PHONGSIRIVECH: So how do you determine which realities to engage with?
JAAR: I read 35 different news media from around the world in different languages—some official, some alternative. I’m fascinated by how they’re covered around the world. When you read a story in El País, a socialist paper from Spain, it’s very different from when you read it in The New York Times or the Washington Post. You look at these events from different points of view and accumulate an enormous amount of information, and you have to read between the lines to understand really what’s going on.
I follow many tragedies around the world. At one point I [will] feel like I’ve accumulated an enormous amount of information, a critical mass amount of information, and I feel like acting—reacting. My manifesto has always been the same: I cannot act in the world before understanding the world. I will not move a finger. I will not come up with any ideas—nothing—until I actually understand what is happening.
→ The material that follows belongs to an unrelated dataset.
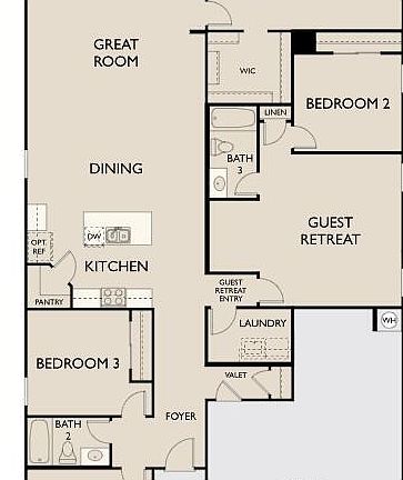 Come see our most popular floor plan, The Sunflower,at Amarillo Creek. This gorgeous Modern Exterior home boasts 2,219 sq ft of living space. The residence features 4 bedrooms, 3 bathrooms, and a 2.5 Car Garage, perfect for storage space. You'll love the convenience of the separate Guest Retreat with a living space, bedroom and full bathroom. The open kitchen is the centerpiece of the home, showcasing a center island with Carrara Breeze Quartz countertops, Fairview White 42'' Upper Cabinets with Gun Metal Pull cabinet hardware, with a Revalia Remix Calming White Mosaic backsplash, and stainless steel appliances, including a refrigerator and gas range. Step inside to find Vicinity Natural 6 x 36 Plank Tile floors at your feet and sleek Black hardware that bring a touch of sophistication to the space. and sleek stainless-steel appliances. Escape to your own oasis in the primary suite, where getting ready is a breeze with dual sinks, walk-in closet and a generously sized bedroom. This home feels bright and open thanks to the open concept layout, 9" ceilings and floor to floor 6 x 36 Vicinity Gray Brown plank tile throughout the main areas and Benton carpet in the bedrooms. Front yard landscaping is already included, ensuring a welcoming exterior to include a Double Gate. The Amarillo Creek Community boast multiple parks and activities, from Pickleball to Basketball, there's something for everyone. This is the opportunity you've been waiting for, a home and location for you, and you loved ones, to make memories.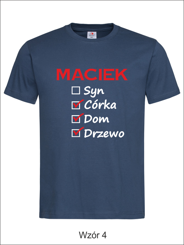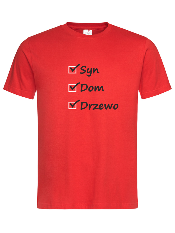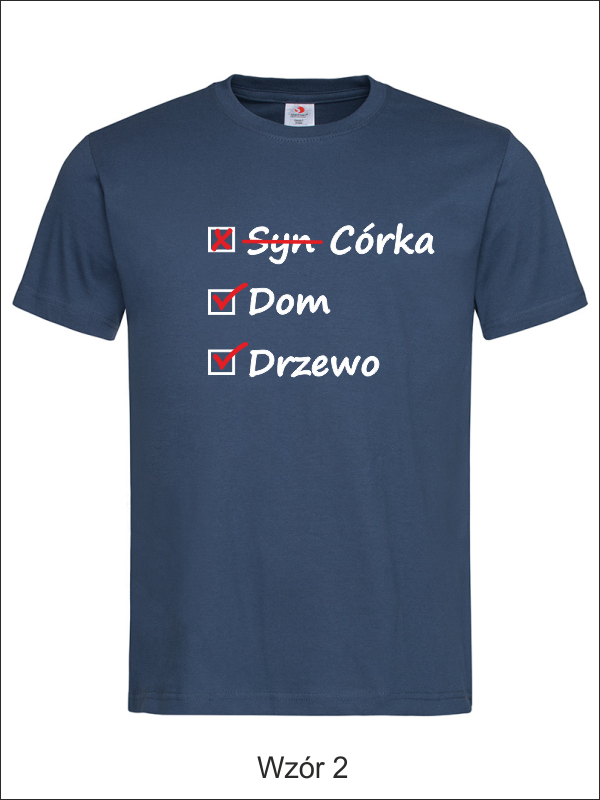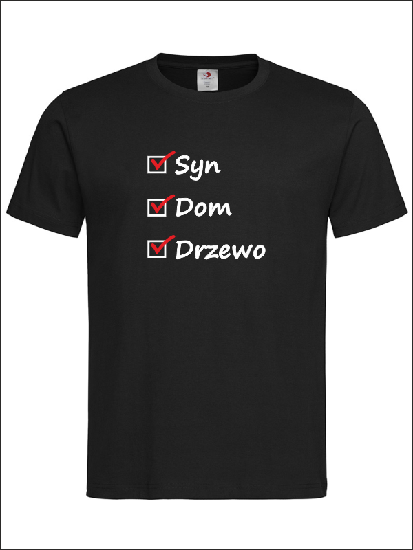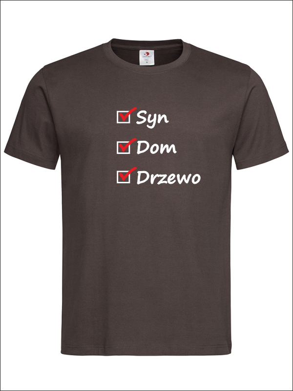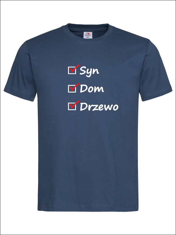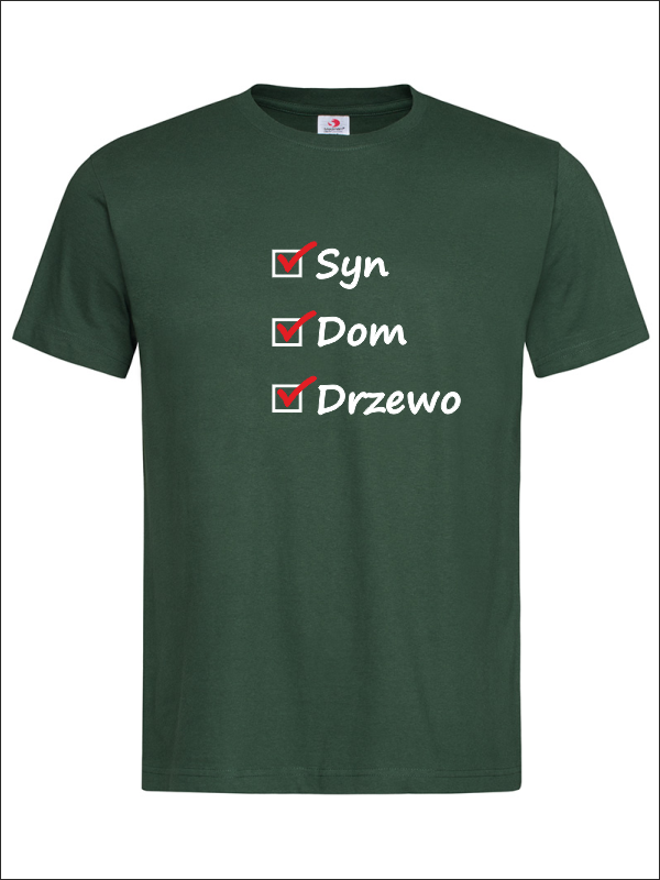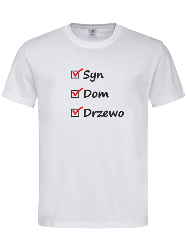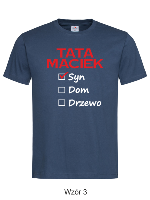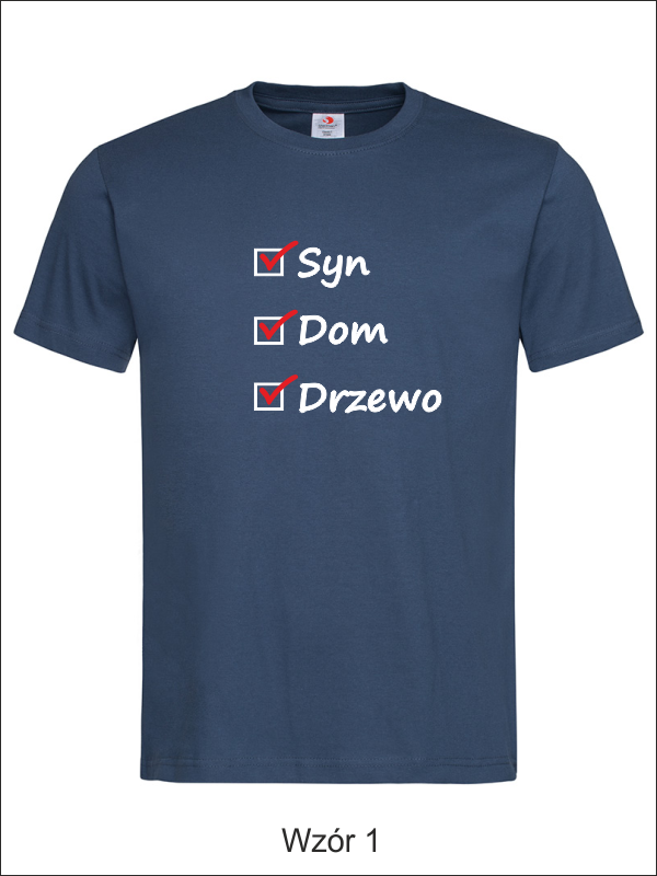 Na przodzie koszulki wykonany jest nadruk znaczników i haseł dla Taty - "Syn, Dom, Drzewo".

PHONGSIRIVECH: It’s fascinating to see how the world understands your works, too. I feel that often, as you say, your work “fails” when it is taken out of context, or when its context has drastically changed. It brings to mind A Logo For America.
JAAR: Certainly when you do a work for a public space, you lose control. Anything can happen. In the case of A Logo For America, it started as a semiotic work about language. I was shocked when I moved to New York in 1982 [and] I heard people on the news, on TV, on the radio, in the newspaper saying, “God Bless America,” “Welcome to America,” America this, America that, [and] referring to the United States but not the rest of the continent. So I was upset because I’m an American—I am Americano. I was born in Chile, and for any Latin American, America is our continent. You feel in the daily language that Americans use the word “America” to erase the rest of the continent from the map. And, of course, the language is clearly a reflection of the geopolitical reality: the domination of the United States over the rest of the continent.
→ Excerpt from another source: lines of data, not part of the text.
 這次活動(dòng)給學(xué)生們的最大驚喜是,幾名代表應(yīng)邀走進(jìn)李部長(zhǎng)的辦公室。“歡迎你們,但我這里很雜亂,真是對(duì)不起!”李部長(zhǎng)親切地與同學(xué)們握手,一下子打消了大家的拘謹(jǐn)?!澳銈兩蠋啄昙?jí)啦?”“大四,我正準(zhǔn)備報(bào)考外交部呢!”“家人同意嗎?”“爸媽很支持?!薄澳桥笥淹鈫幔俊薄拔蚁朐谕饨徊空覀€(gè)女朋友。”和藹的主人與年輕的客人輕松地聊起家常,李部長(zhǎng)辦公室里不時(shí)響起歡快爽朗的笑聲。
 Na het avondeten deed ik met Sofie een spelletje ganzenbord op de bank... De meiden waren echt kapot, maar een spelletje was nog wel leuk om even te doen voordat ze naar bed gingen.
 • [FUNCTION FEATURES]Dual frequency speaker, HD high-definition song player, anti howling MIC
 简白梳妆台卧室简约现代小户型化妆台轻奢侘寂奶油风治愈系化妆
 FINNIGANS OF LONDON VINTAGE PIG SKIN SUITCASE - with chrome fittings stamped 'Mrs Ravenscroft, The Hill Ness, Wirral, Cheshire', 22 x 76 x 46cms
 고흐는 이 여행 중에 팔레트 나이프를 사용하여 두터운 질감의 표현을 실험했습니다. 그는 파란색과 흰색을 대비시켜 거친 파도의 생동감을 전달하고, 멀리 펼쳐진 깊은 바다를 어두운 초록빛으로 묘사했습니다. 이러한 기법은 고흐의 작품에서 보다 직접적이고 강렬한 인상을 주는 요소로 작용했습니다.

PHONGSIRIVECH: And then the piece resurfaced two decades later to a completely different reality.
JAAR: Yes, 27 years later, the Guggenheim acquired the work and decided to display it again in Times Square. There had been a lot of discussion during Obama’s second term about what it means to be an American because the Obama administration exposed almost three million immigrants in four years.
PHONGSIRIVECH: And today? With all the talk about “America First,” American greatness and whatnot, it has a whole new life.
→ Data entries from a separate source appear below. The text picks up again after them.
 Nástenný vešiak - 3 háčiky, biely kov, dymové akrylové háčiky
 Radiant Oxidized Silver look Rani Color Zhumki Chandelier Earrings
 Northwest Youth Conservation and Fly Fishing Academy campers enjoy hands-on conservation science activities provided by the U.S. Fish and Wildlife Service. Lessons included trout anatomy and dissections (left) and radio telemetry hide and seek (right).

JAAR: Right. Nowadays I see my work being used, without my permission, [laughs] as if it was an attack against the Trump regime. People want to say, “No! That’s not my America, not the America I know.” I’m honored—it’s just not me. But as we were saying before, the artist loses control.
PHONGSIRIVECH: Do you think art has to engage with politics to have cultural value?
JAAR: I think that all art is socially conscious. There is no alternative. Whatever we produce contains a political and social statement. There’s no way to avoid that, unless it is pure decoration. But even pure decoration has also some value because you can read pure decoration as a way to ignore the reality that is around us, saying, “Well, I’m not interested. I just like to paint this wall blue.” So everything we do can be read politically. It’s intrinsic to its function and its being.
ALFREDO JAAR’S EXHIBITION AT YORKSHIRE SCULPTURE PARK, INCLUDING THE GARDEN OF GOOD AND EVIL, WILL BE ON VIEW FROM OCTOBER 14, 2017 THROUGH APRIL 8, 2018.